That would be necessary, but not sufficient.  You would also
need to establish sufficient context for the correct
presentation layer to be chosen, even if, e.g., a French user,
expecting French-style access to network resources,
interpretation of names, etc., wanted to access resources while
using guest equipment on a non-French network.  And a
multilingual French user would need to be able to access French
and non-French materials with the presentation interfaces
appropriate to each and name and context information in those
presentation layers/interfaces, not further down in the stack.
I can imagine ways of thinking about those issues, but they are
not easy or obvious and would require a tremendous among of
linguistically and culturally-sensitive information handling and
access and the information needed to make it all work.

>> I don't know how to do that in the DNS
>> or in any conceivable IDN protocol that rests on top of it.
> 
> This is the question to be answered.

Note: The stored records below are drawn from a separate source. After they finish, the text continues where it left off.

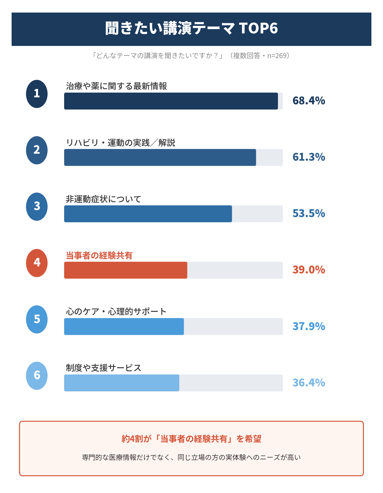 患者が最も講演で聞きたいテーマは「治療や薬に関する最新情報」(68.4%)で、次いで「リハビリ‧ 運動の実践/解説」(61.3%)、「非運動症状について」(53.5%)、「当事者の経験共有」(39. 0%)、「心のケア‧心理的サポート」(37.9%)、「制度や支援サービス」(36.4%)と続きまし た。専門的な医療情報に加え、同じ立場の方の実体験を聞きたいというニーズの高さが確認されまし た。
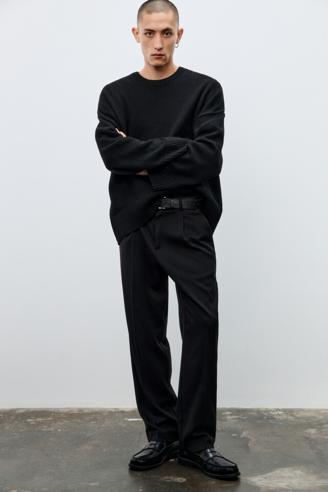 - С рубашкой и пиджаком. Самое классическое сочетание с множеством возможностей: выбирай белоснежную рубашку, черный костюм и туфли для яркого, торжественного аутфита. Хочешь выглядеть более расслабленно, но оставаться в рамках делового дресс-кода? Присмотрись к брюкам темного, но не черного цвета, дополни их пиджаком в тон, а рубашку выбери не белую, а молочную или голубую;
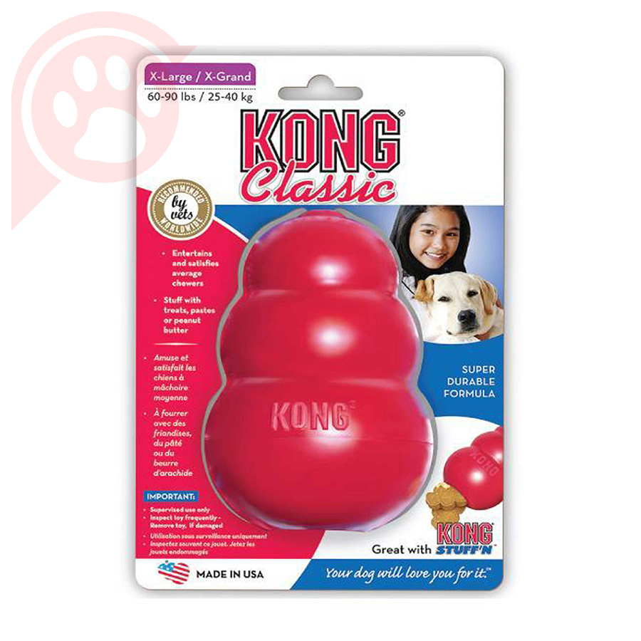Kong Classic pode ser preenchido com uma variedade de guloseimas. Experimente encher seu Kong com camadas de diferentes guloseimas para manter o seu cão ocupado quando você deixá-los sozinhos.
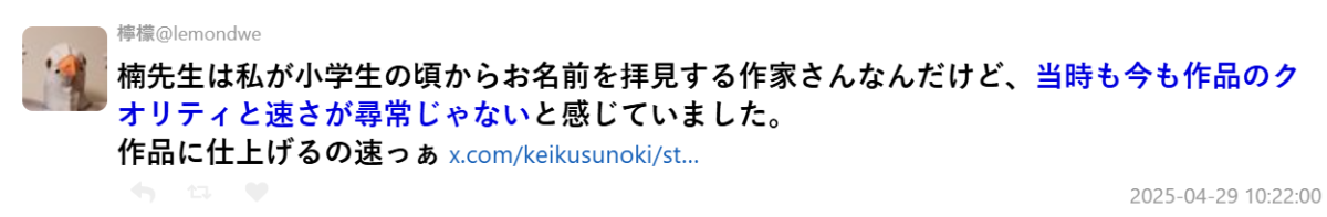 此外,也有網友提及,楠桂早年以細膩又快速的作畫技巧著稱,此次新作同樣保有過去高水準的完成度,讓老粉絲們感動不已。
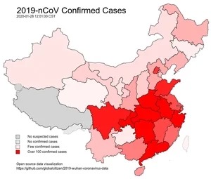 Семь провинций, две автономные области и все четыре муниципалитета Хубэй, Аньхой, Тяньцзинь, Пекин, Шанхай, Чунцин, Сычуань, Цзянси, Юньнань, Шаньдун, Фуцзянь, Гуанси, и Хэбэй объявили чрезвычайную ситуацию общественного здравоохранения 1-го уровня в хронологическом порядке. Город Цзинчжоу был помещен на карантин, в результате чего число людей в помещениях, находящихся на карантине, достигло 35 миллионов. Вся провинция Хубэй теперь попала под карантин по городам, за исключением лесного района Шеннонцзя.
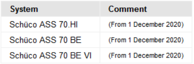 The following systems will be removed from the Schüco range as of 1 December 2020 and will subsequently no longer be available in the program for new items.
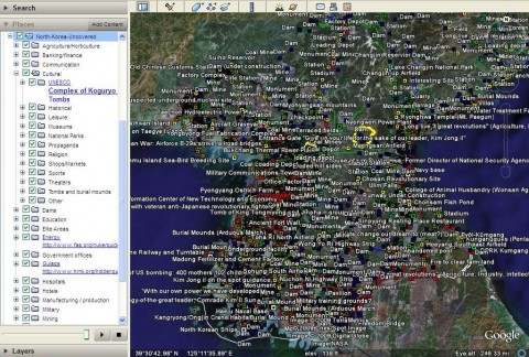 Ein Layer für Google Earth markiert hunderte von Orten in Nordkorea - von Sehenswürdigkeiten über die Residenzen des Staatschefs bis hin zu den Straflagern. Der Herausgeber bezeichnet das von Internetnutzern zusammengetragene Material als demokratisierte Geheimdienstinformationen.

I do not have a global
> solution either, and this is why I suppose that no-case
> folding might be the most acceptable patch. But the decision
> of accepting that patch is not mine: it belongs to the market
> and to the French national communities.

And, as long as whatever decisions they make are fully informed
about costs and tradeoffs, I have no problem with that (and they
would quite properly ignore me if I did).

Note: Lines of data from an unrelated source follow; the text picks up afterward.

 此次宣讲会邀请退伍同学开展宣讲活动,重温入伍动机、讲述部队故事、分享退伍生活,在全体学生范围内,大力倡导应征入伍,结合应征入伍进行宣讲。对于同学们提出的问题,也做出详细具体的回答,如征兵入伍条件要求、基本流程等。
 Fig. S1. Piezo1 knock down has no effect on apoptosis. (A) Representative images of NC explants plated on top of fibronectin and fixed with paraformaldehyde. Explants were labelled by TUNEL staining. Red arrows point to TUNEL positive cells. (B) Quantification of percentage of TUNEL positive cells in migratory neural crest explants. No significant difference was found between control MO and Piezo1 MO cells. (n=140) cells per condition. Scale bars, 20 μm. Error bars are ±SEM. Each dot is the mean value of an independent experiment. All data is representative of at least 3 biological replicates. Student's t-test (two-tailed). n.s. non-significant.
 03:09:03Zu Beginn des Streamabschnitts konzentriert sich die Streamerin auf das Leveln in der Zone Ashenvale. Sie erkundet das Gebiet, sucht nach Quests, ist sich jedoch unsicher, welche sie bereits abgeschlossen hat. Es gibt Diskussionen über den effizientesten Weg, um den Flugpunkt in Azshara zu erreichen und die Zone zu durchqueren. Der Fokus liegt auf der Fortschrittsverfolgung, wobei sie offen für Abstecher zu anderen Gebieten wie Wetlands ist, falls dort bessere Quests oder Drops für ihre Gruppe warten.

>>> 3. would violates the French language and people's equality.
>>> I do not see it being legally and technically accepted just
>>> because the IETF did not find a solution.
>> 
>> I don't understand how one can have a reasonable expectation
>> of both "A" and "not-A" being true at the same time, which
>> your comment appears to require unless the situation is to be
>> treated as unfair and anticompetitive.
> 
> The problem lies with case-folding being accepted in the DNS
> technology while the impact of case-folding has not been
> considered enough.

And that is precisely why the current IDNA2008 model removes all
mappings from the protocol.

>...
> We misunderstand. What is anti-competitive is that people not
> born with accentuated names or whose name is not challenged by

By the same token, the ASCII DNS, as interpreted by most
application protocols, has always been unfair to people who use
apostrophes in their names, nor can one use initials offset by
periods.   Allowing apostrophes and periods in domain names is
not fundamentally a DNS problem, but the former would cause
chaos with many command languages and the escapes required by
the latter would cause massive user confusion.   I suppose you
can argue that it is unfair; others would claim it is a
reasonable tradeoff.  Getting from either to "anticompetitive"
seems like hyperbole to me, but you obviously may disagree.
Where that discussion really takes us, IMO, is whether it is
reasonable to expect that every valid word in every language,
and every plausible combination of such words, to be able to be
accommodated in thee DNS.  That is a very difficult goal and it
is incompatible with other goals.  The question again is about
the reasonable tradeoff points.

> Yes there is at least one : not to create an artificial
> problem in forcing a language to follow the rules of another
> one. Please remember that this problem is not related to IDNA
> but to a wrong doctrine (internationalization) and to the
> resulting rough AZERTY standard (one could imagine solutions,
> but that would call on a wide debate of the francophonie).

See above and please remember that the perception that the DNS
is about "words" or "language", rather than appropriate
language-based mnemonics, is itself problematic.

>... 
> PS. You seem to imply that I would consider challenging IDNA.
> I recall you that my whole effort is precisely the opposite.
> To build a better architecture to include and enforce IDNA
> (and to extend it when needed/possible). This is why I urge
> this WG to proceed, because we need the IDNA solution to
> finally settle before we can build around/on top of it and
> stay fully interoperable.

I understand and appreciate that.  And frustrating as it
sometimes becomes for us and others, I appreciate your continued
efforts to engage on these issues and to be clear about the
problems you see.  But you identified decisions that could be
made by people who are not under your control and who might be
less sympathetic to the importance of overall Internet
interoperability than I believe you are.

>...

regards,
    john